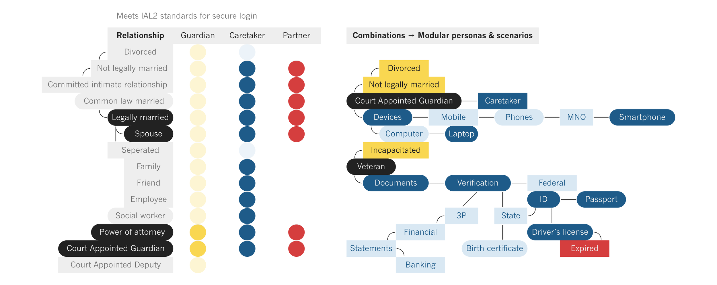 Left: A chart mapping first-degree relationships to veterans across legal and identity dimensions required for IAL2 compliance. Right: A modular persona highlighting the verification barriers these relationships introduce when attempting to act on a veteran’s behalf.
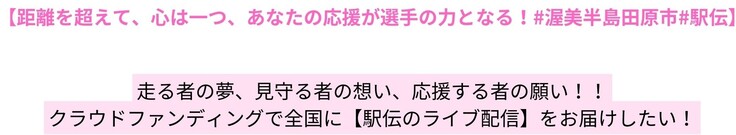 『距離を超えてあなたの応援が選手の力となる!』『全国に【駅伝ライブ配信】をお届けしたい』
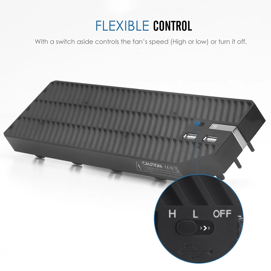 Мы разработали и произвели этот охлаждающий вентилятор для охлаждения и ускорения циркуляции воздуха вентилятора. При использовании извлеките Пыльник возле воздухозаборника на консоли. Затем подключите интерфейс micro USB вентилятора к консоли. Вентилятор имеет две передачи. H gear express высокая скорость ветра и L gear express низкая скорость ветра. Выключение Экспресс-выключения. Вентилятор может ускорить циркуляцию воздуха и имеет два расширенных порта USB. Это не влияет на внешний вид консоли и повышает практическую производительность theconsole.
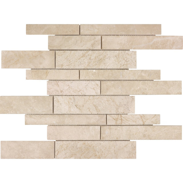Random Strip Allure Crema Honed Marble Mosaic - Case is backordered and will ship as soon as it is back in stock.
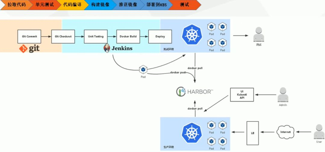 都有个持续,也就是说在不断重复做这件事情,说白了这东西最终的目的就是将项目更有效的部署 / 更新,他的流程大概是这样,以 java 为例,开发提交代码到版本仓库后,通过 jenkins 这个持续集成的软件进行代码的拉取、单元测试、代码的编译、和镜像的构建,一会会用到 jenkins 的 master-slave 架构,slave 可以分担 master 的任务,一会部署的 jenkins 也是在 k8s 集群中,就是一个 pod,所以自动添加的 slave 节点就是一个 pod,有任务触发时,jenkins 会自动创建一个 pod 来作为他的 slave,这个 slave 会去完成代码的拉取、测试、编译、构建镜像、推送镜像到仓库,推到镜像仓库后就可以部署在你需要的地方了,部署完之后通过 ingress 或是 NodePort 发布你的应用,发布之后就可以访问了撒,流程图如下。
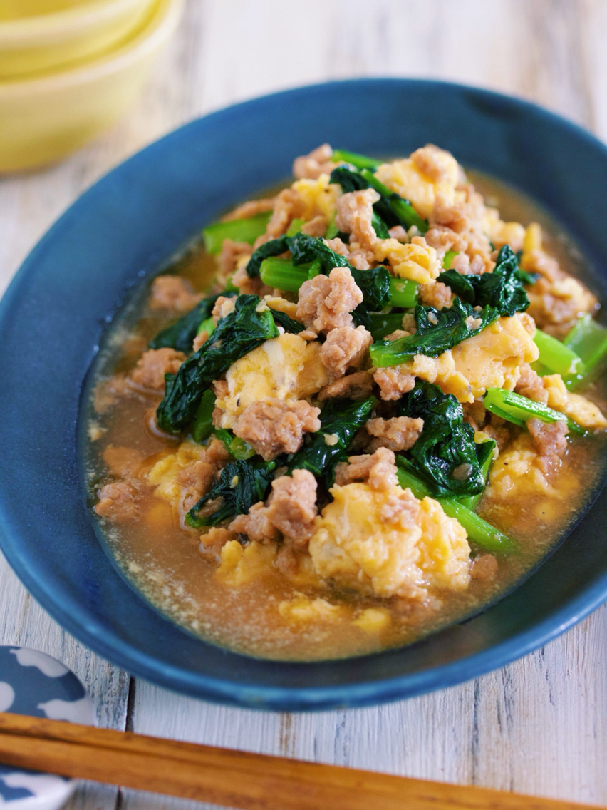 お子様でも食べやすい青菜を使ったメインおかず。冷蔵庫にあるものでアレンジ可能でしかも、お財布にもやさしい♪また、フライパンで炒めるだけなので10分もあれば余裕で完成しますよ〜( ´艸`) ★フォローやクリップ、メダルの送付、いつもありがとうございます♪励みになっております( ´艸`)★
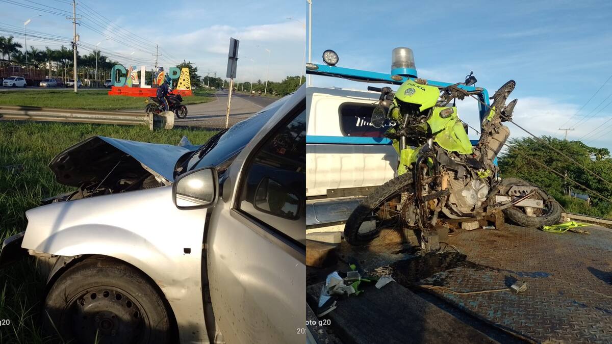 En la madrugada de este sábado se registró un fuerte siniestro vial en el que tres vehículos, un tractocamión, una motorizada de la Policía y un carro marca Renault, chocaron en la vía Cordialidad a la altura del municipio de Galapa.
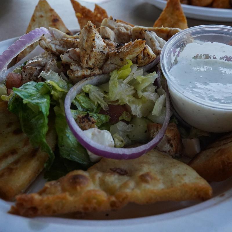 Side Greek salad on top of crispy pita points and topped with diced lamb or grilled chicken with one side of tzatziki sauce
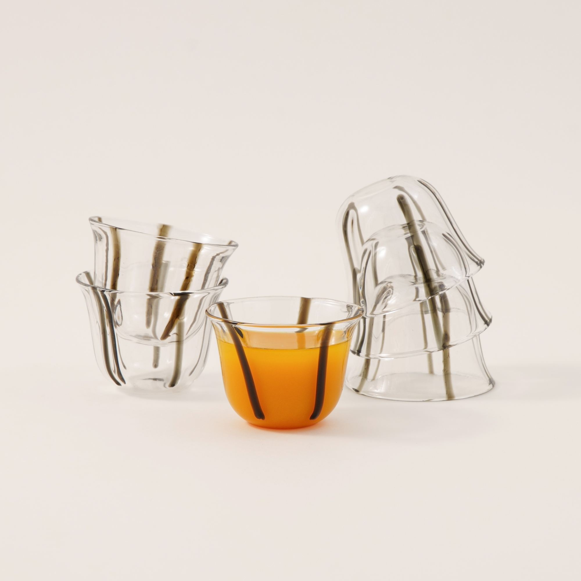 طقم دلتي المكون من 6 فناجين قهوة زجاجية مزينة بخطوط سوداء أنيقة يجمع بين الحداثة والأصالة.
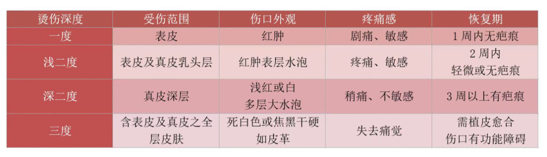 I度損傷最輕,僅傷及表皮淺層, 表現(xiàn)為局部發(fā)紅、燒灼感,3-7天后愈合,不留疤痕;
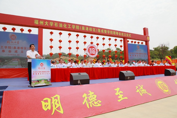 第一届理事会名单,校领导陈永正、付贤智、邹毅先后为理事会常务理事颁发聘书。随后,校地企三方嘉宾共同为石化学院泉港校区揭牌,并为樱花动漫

- **Description of the task**: Word for word, restate all of the material above except its pictures.

- **Task result**:
 Left: A chart mapping first-degree relationships to veterans across legal and identity dimensions required for IAL2 compliance. Right: A modular persona highlighting the verification barriers these relationships introduce when attempting to act on a veteran’s behalf.
 『距離を超えてあなたの応援が選手の力となる!』『全国に【駅伝ライブ配信】をお届けしたい』
 Мы разработали и произвели этот охлаждающий вентилятор для охлаждения и ускорения циркуляции воздуха вентилятора. При использовании извлеките Пыльник возле воздухозаборника на консоли. Затем подключите интерфейс micro USB вентилятора к консоли. Вентилятор имеет две передачи. H gear express высокая скорость ветра и L gear express низкая скорость ветра. Выключение Экспресс-выключения. Вентилятор может ускорить циркуляцию воздуха и имеет два расширенных порта USB. Это не влияет на внешний вид консоли и повышает практическую производительность theconsole.
Random Strip Allure Crema Honed Marble Mosaic - Case is backordered and will ship as soon as it is back in stock.
 都有个持续,也就是说在不断重复做这件事情,说白了这东西最终的目的就是将项目更有效的部署 / 更新,他的流程大概是这样,以 java 为例,开发提交代码到版本仓库后,通过 jenkins 这个持续集成的软件进行代码的拉取、单元测试、代码的编译、和镜像的构建,一会会用到 jenkins 的 master-slave 架构,slave 可以分担 master 的任务,一会部署的 jenkins 也是在 k8s 集群中,就是一个 pod,所以自动添加的 slave 节点就是一个 pod,有任务触发时,jenkins 会自动创建一个 pod 来作为他的 slave,这个 slave 会去完成代码的拉取、测试、编译、构建镜像、推送镜像到仓库,推到镜像仓库后就可以部署在你需要的地方了,部署完之后通过 ingress 或是 NodePort 发布你的应用,发布之后就可以访问了撒,流程图如下。
 お子様でも食べやすい青菜を使ったメインおかず。冷蔵庫にあるものでアレンジ可能でしかも、お財布にもやさしい♪また、フライパンで炒めるだけなので10分もあれば余裕で完成しますよ〜( ´艸`) ★フォローやクリップ、メダルの送付、いつもありがとうございます♪励みになっております( ´艸`)★
 En la madrugada de este sábado se registró un fuerte siniestro vial en el que tres vehículos, un tractocamión, una motorizada de la Policía y un carro marca Renault, chocaron en la vía Cordialidad a la altura del municipio de Galapa.
 Side Greek salad on top of crispy pita points and topped with diced lamb or grilled chicken with one side of tzatziki sauce
 طقم دلتي المكون من 6 فناجين قهوة زجاجية مزينة بخطوط سوداء أنيقة يجمع بين الحداثة والأصالة.
 I度損傷最輕,僅傷及表皮淺層, 表現(xiàn)為局部發(fā)紅、燒灼感,3-7天后愈合,不留疤痕;
 第一届理事会名单,校领导陈永正、付贤智、邹毅先后为理事会常务理事颁发聘书。随后,校地企三方嘉宾共同为石化学院泉港校区揭牌,并为樱花动漫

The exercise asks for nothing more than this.